When a whale shark is spotted, it’s like an alarm call in a firehouse. Everyone jumps. The engine stops. The deck starts thumping. Tony and Gerard get the gear ready, Ian and Winfield pull the line on the Zodiac, and Captain Francis keeps his eye on the shark from the bridge. Jean Claude, the deckhand, scrambles around for anything that needs doing. Somewhere in the belly of the ship, Nelson quietly chops onions and Antonia folds fresh towels for when we get back.
The only passengers are me and Carlo, an utterly joyless building contractor from Luxemburg. I remain stumped at how a man so devoid of wonder could have enrolled himself on such an expedition. He has all the finest equipment and is prompt for every dive, yet he exudes the kind of enthusiasm you’d expect from a town deputy ordered to clean up road kill.

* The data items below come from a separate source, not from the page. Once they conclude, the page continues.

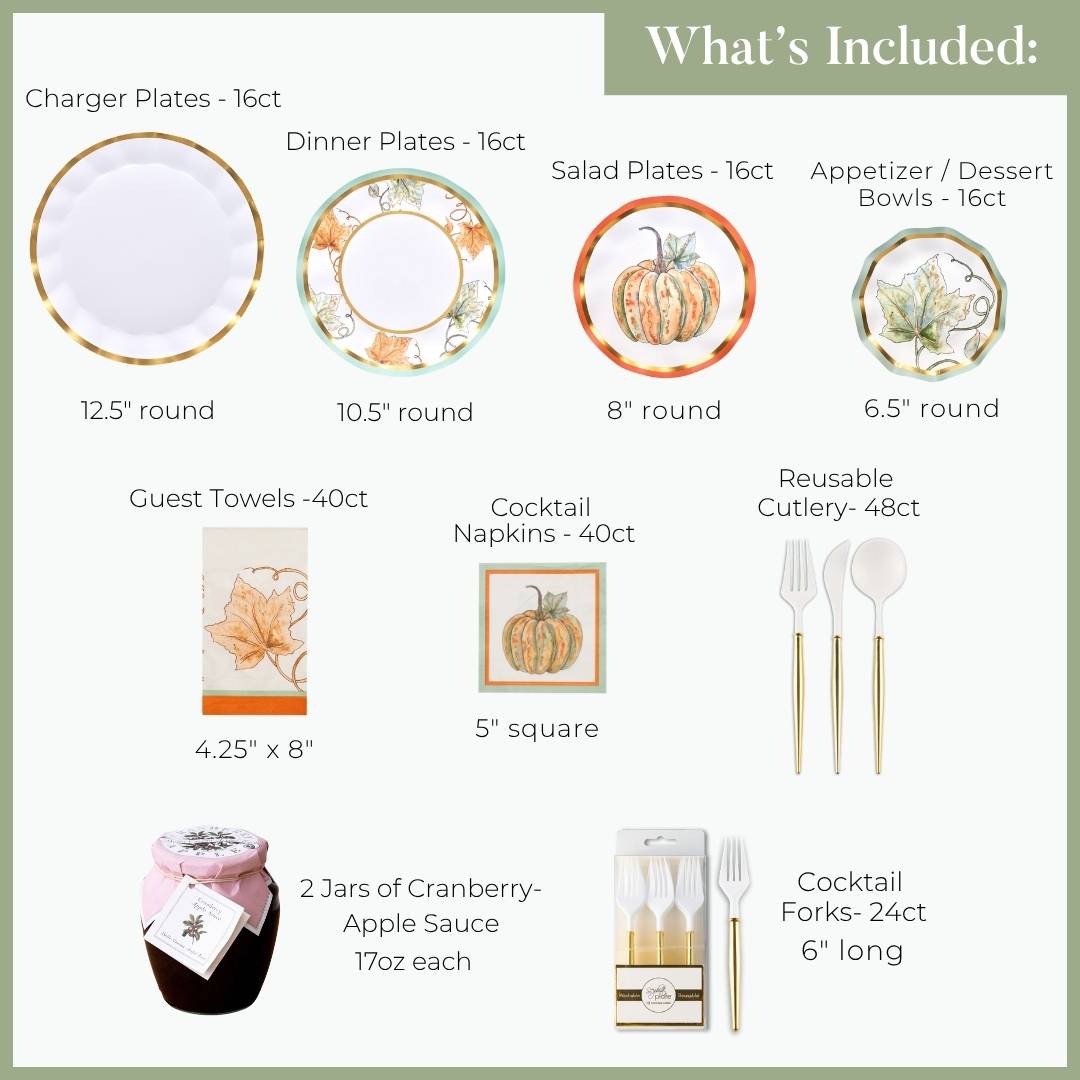 Bundle & Save 25%! We've curated the Ultimate Thanksgiving Tablescape to make entertaining easy & Instagrammable. A curated party-in-a-box, with everything you need to effortlessly create a professional, disposable, Thanksgiving table setting. Skip the overpriced china without sacrificing style. Our designer disposable plates will save you time and money.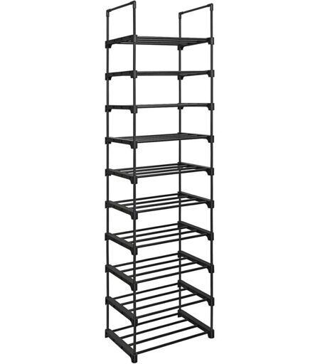 SONGMICS - Scarpiera a 10 Ripiani Grande, Scaffale Portascarpe in Metallo, Fai da Te, Scaffale Salvaspazio e Versatile per Ingresso Soggiorno Camera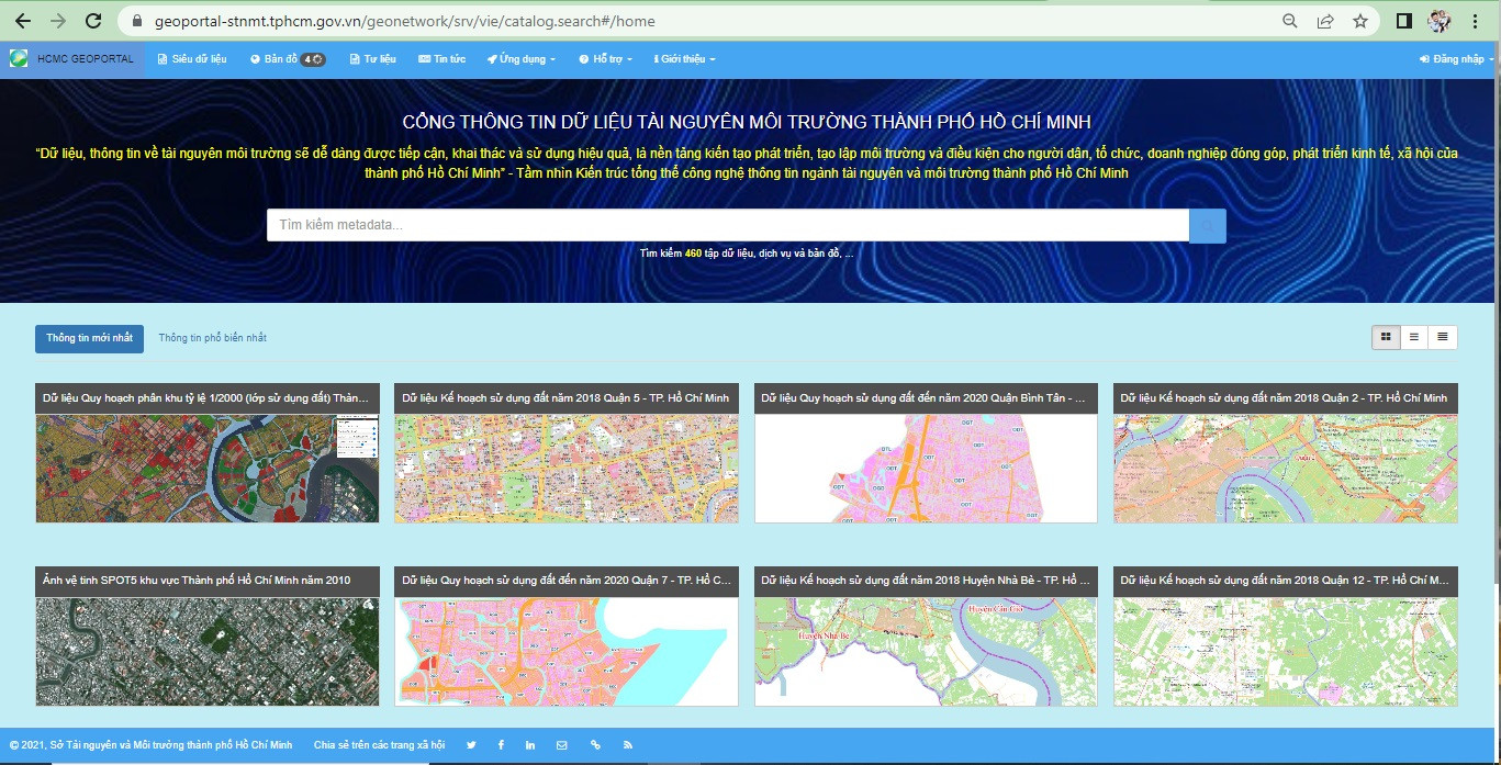 Cổng thông tin dữ liệu tài nguyên và môi trường TP.HCM được Sở Tài nguyên - Môi trường TP.HCM hoàn thành xây dựng vào năm 2021 và trải qua quá trình thử nghiệm với website: https://geoportal-stnmt.tphcm.gov.vn.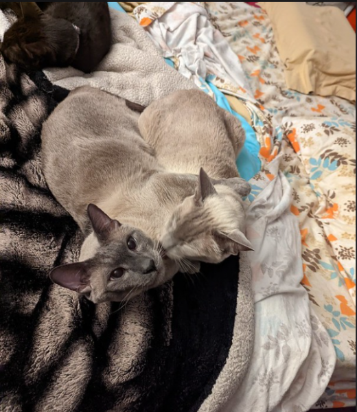 Here he is in March, much happier, healthier and cuddling with brother Shylo: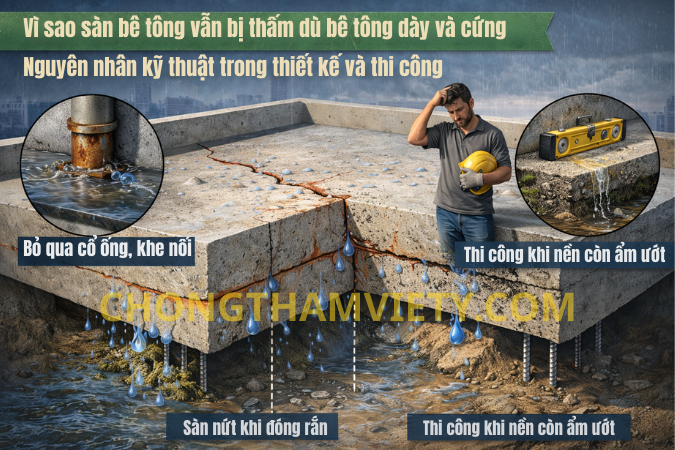 Sàn bê tông dày vẫn bị thấm do bỏ qua cổ ống, mạch ngừng và thi công khi nền chưa ổn định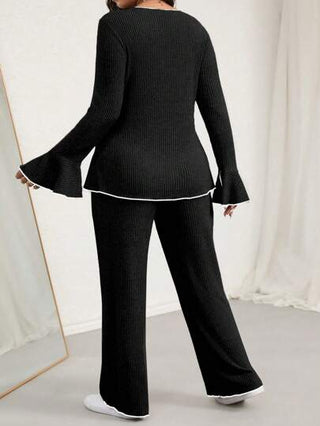 Calvaya مجموعة من قطعتين لكبار الحجم من النساء، سترة مخططة مزينة بالفيونكة وبنطلون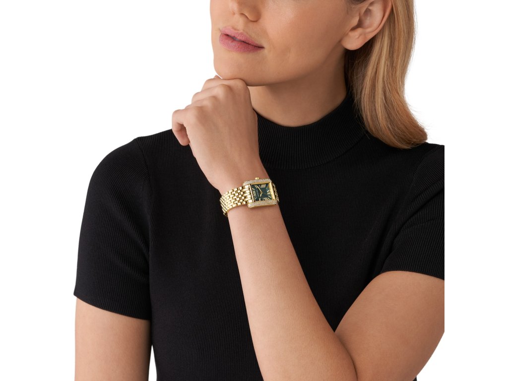 Číselník smaragdově zelené barvy, zasazený do hranatého pouzdra zdobeného hned třemi řadami třpytivých krystalů, vypadá originálně a na ruce vyniká. Stejně tak půvabně vypadají tři zlatavé ručky a indexy. V kombinaci s tahem z ušlechtilé oceli zlaté barvy poté společně tyto komponenty tvoří designový doplněk, který podtrhne vaši ženskost.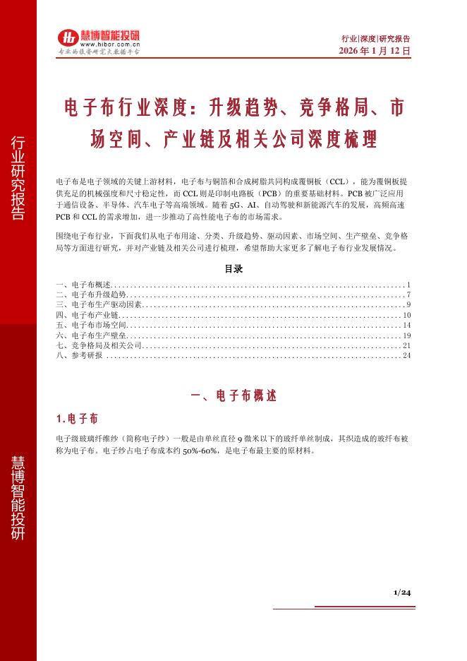 慧博智能投研:电子布行业深度:升级趋势、竞争格局、市场空间、产业链及相关公司深度梳理.pdf

I race down to my cabin, toss my glasses on the bed, strip down to my wet suit-friendly lycra shorts, and inelegantly cram my camera into its housing. When I reach the dive deck, Carlo and Tony, our Seychellois dive master, are already wearing their wet suits and waiting for Ian to steer the Zodiac to the side of the ship. I try to catch up, but pulling a full wet suit on in a hurry takes experience and finesse that I don’t have. Half-ready, I awkwardly toss my mask, fins, booties, and camera into the Zodiac and we push off.
We sputter around for twenty minutes looking for the shark. Calls go back and forth on the radio between Ian and Captain Francis, looking out over the horizon. They finally spot it. Ian turns the Zodiac to face the shark, revs the engine to push us forward, then shuts it off and we drift. Tony points at the waves until I can see an imperceptibly greener shade of blue under the surface.

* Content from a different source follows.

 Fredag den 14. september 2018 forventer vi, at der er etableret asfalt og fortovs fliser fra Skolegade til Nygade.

"Which way is it moving?" I get no answer, then realize I don’t actually care. Just a little nervous that there’s nothing left to do — no procedure for this. You get close and you jump in — backwards.
There are no tanks involved because they don’t like bubbles, so it’s just fins and mask. I wait for Tony to go in first and then push off with my feet, waving goodbye to Ian.

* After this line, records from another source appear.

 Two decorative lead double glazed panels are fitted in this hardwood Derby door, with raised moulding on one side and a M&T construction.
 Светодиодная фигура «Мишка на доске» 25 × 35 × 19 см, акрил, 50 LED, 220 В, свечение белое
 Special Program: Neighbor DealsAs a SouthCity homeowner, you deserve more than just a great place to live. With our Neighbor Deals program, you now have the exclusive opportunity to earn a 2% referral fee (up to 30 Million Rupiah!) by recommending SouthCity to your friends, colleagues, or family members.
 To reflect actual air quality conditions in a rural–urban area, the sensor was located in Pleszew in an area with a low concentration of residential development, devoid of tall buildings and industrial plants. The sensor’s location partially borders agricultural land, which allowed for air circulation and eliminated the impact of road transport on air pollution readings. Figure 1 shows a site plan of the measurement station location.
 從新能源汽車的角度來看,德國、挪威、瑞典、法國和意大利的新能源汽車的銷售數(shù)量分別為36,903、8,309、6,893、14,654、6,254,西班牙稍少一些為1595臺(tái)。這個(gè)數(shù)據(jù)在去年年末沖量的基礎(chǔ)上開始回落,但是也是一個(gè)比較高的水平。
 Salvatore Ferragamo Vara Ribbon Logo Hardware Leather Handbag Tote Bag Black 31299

There are a few seconds of bubbles and disorientation with backward entry. You right yourself, adjust your mask, and see what’s in front of you. In this case it’s a 5 meter whale shark — a baby. Still, my heart pounds and I have to catch my breath through the snorkel. If the thing had teeth, it would be the most terrifying image I’ve ever seen. Pretty soon its too much. I stick my head up and take some deep breaths. I see Ian and Jean Claude on the Zodiac and all I can think to shout is "Big!" They laugh.
I can’t stay up long with something like that underneath me, so I duck down to get another look. It’s impossibly huge — more than twice my length from head to tail. I lift my camera up to start shooting. It doesnt turn on. And then I notice the water line swaying back and forth inside the housing. In the rush, I didn’t close the seal properly and the camera has flooded.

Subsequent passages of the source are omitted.